There are some wonderful food descriptions in Gone with the Wind.

And two books, anthologies, come to mind. (I own the first and have just ordered the second one, for which I am paying one cent. One penny.)

The Ravenous Muse

Food Tales: A Literary Menu of Mouthwatering Masterpieces (out of print but widely available)...

Includes these and others:

Yesterday's Sweetmeats -- by Robert Benchley

A Vitcomte's Breakfast -- by Alexandre Dumas

The Luncheon -- by W. Somerset Maugham

The Man who Loved to Eat -- by William Maxwell

The Spoiled Cake -- by Jules Renard (trans. Ralph Manheim)

Tortillas and Beans -- by John Steinbeck

The Power of Cookery -- by Sylvia Townsend Warner

His Father's Earth -- by Thomas Wolfe

How about Anthony Bourdain's top ten food books?

Jim Crace's books are often food centric. From The Devil's Larder:

Someone has taken off -and lost- the label on the can. There are two glassy lines of glue with just a trace of stripped paper where the label was. The can’s batch number -RG2JD 19547- is embossed on one of the ends. Top or bottom end? No one can tell what’s up or down. The metal isn’t very old.
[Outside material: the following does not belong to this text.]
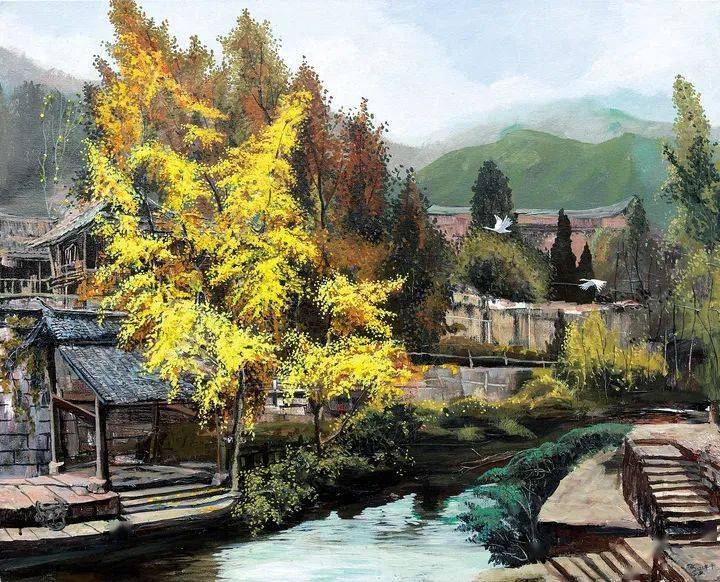 《上里金秋》(油画)竹林 作(图片来源:雅安日报)

They do not like to throw it out. It might be salmon - not cheap. Or tuna steaks. Or rings of syruped pineapple. Too good to waste. Guava halves. Lychees. Leak soup. Skinned, Italian plum tomatoes. Of course, they ought to open up the can and have a look, and eat the contents there and then. Or plan a meal around it. It must be something that they like, or used to like. It’s in their larder. It had a label once. They chose it in the shop.

They shake the can against their ears. They sniff at it. They compare it with the other cans inside the larder to find a match in size and shape. But still they cannot tell if it is beans or fruit or fish. They are like children with unopened birthday gifts. Will they be disappointed when they open up the can? Will it be what they want? Sometimes their humour is macabre: the contents are beyond description -baby flesh, sliced fingers, dog waste, worms, the venom of a hundred mambas- and that is why there is no label.

One night when there are guests and all the wine has gone, they put the can into the candle light amongst the debris of their meal and play the guessing game. An aphrodisiac, perhaps; “Let’s try.” A plague. Should they open up and spoon it out? A tune, canned music, something never heard before that would rise from the open can, evaporate, and not be heard again. The elixir of youth. The human soup of DNA. A devil or a god?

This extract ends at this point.